Ransomware is one of the ways that a cybercriminal will attack a business.  The name indicates clearly what happens.  Software is deployed and it holds your network and data hostage until you pay the indicated ransom amount.  And the payment, which on average is just over $760,000 is only part of the total spent to recover from an attack.  Payment is almost always done with cryptocurrency, which makes tracing close to impossible.  The malware, or software that is deployed, works by encrypting the victim’s files and making them inaccessible.  This is usually done via a malicious link contained within a phishing email.  You should be aware that paying the ransom does NOT guarantee that your system will be released, or that malicious files do not remain within your network, and for this reason, the federal government and cybersecurity experts often advise not to pay the requested ransom.
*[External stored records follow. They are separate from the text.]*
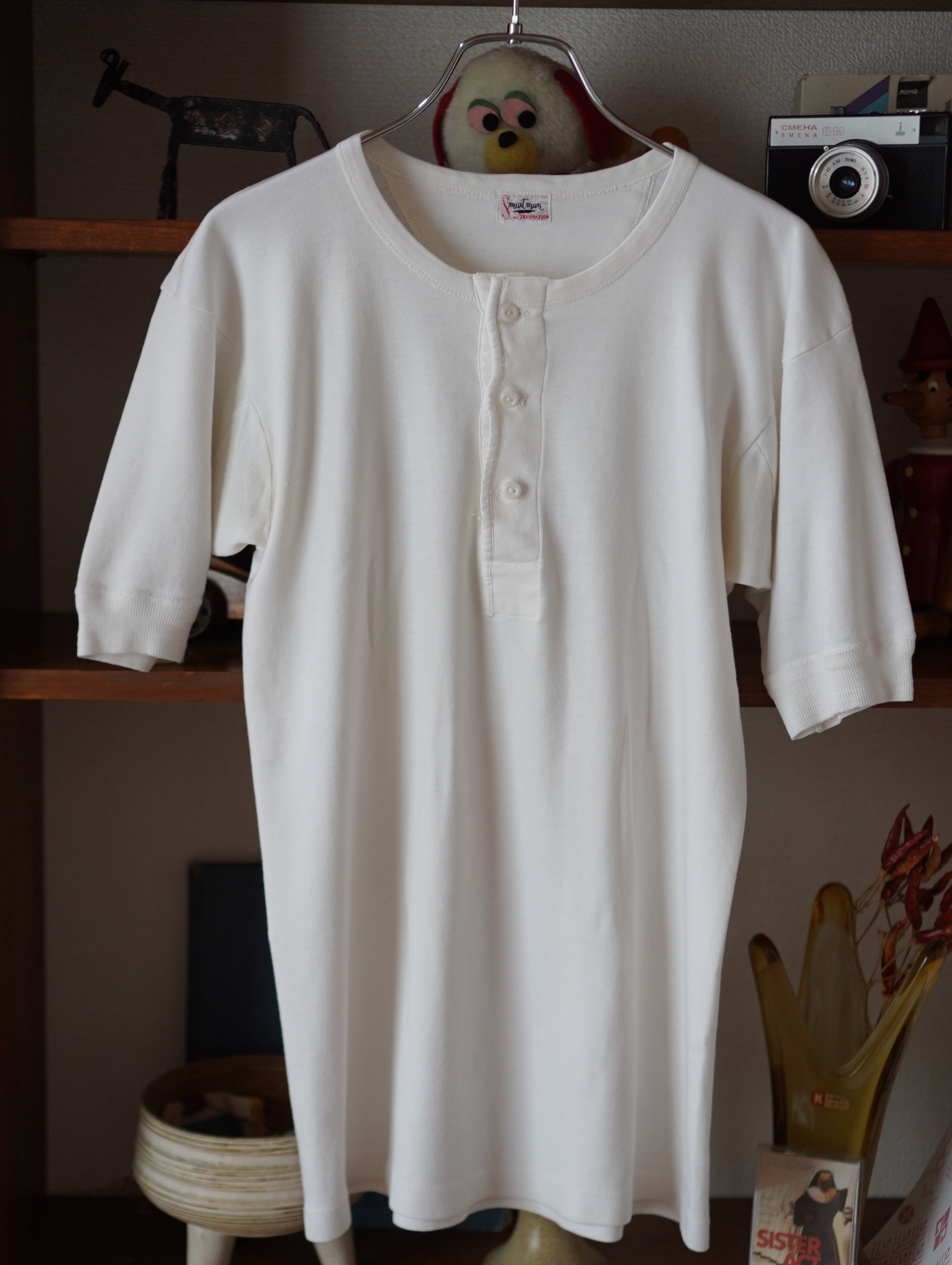 くたっとやわらかくなった生地感がgoodな、ユーロヴィンテージのヘンリーネックtee。
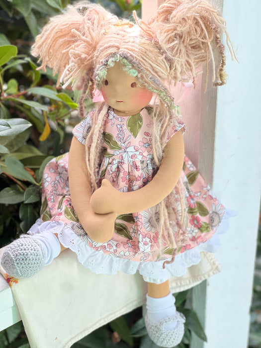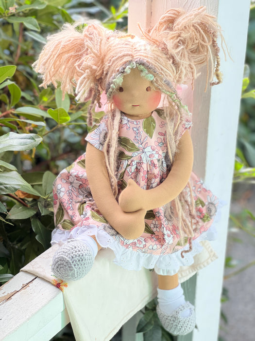 Meet Ophelia, one of our cherished heirloom dolls, handmade with love and intention. Her mocha cotton skin comes from specialty tricot sourced in the Netherlands, her eyes are delicately hand embroidered, and her hair is created from wool and mohair yarns many of them hand dyed, spun and hand stitched strand by strand. She’s stuffed with clean, carded Canadian wool, giving her a natural, comforting weight that children adore.
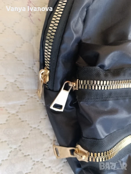 Раница на турската марка Defacto.Раницата е от шушляк и златисти ципове .Няма скъсано, циповете са променили цвета си, и на дъното има една черта , като надраскано , показано на 9 снимка, има едно отделение и малко джобче .
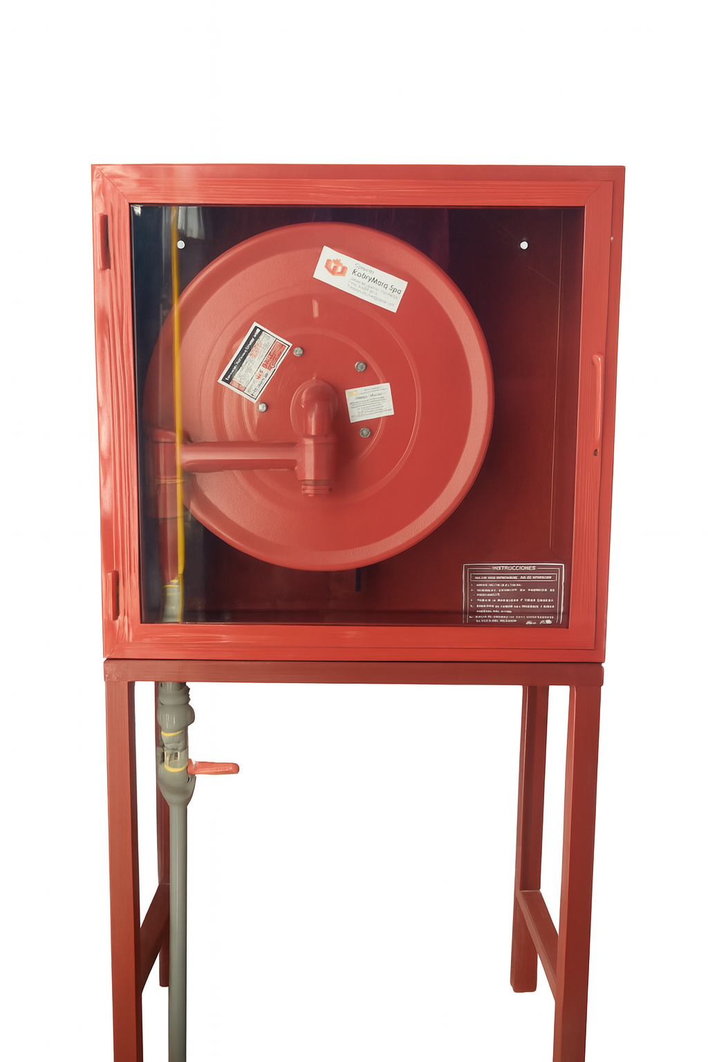 Gabinete Red Húmeda contra incendio, fabricados en placa de acero de 1mm a 1.2 mm de espesor, puerta abatible en 180 grados, tirador y cierre mecánico, pintura electroestática color rojo, con carrete interior giratorio y abatible, puede ser en 25 o 30 metros de manguera de incendio semi rígida de 1″ o 1.1/2”, Posee un sistema de grifería interna que permite el paso del agua en forma constante a través del eje, sin necesidad de desenrollar la manguera, cuenta con un pitón neblinero.

According to a recent statistic, at least one in three healthcare businesses will be hit with a cyberattack.  This report also indicates that only 69% of those businesses could get their restored data back after paying the ransom.

How Does It Happen?

There can be multiple ways that a hacker will deploy ransomware, but it takes HUMAN ERROR to make it work (for them!).

Some of the most common ways are:

  • Emails are sent to users that are disguised as legitimate but contain fraudulent information. This may be done by disguising the sender or the content contained in the email.
  • Users click on dangerous or malicious links.
  • Viewing an advertisement that contains malware – which is known as malvertising.

How Can You Help?

Pause before clicking.  If your boss, co-worker, or a person of authority asks you to do something like transfer funds, buy gifts, or click on a link, take a moment to verify that it is legitimately them.  This can be done via a quick phone call or internal message, or by creating a whole new email (don’t reply to the original email) asking them if this ask is valid.  They will be thankful that you questioned and double-checked before doing something that could be detrimental to the business.  Hackers are clever at disguising names by eliminating one letter or creating a link that looks like it is real but actually masks a dangerous site.

Don’t click on advertisements.  If you see something of interest, look the site up via a search engine first.  This isn’t a fail-safe option, but it adds another layer of verification.

And finally, never assume that because it looks legitimate, it is.  Especially when asked to click on a link or login using your credentials.  Going to the site directly through a new browser window is always worth the extra step to verify that you are not clicking on a dangerous link.

As with most things, being in a hurry leaves room for error.  We know that your workday is busy and you are just trying to get through your tasks.  But with cybersecurity, double-checking and pausing for even a moment is a way of taking small steps that add up to big results when it comes to protecting your business.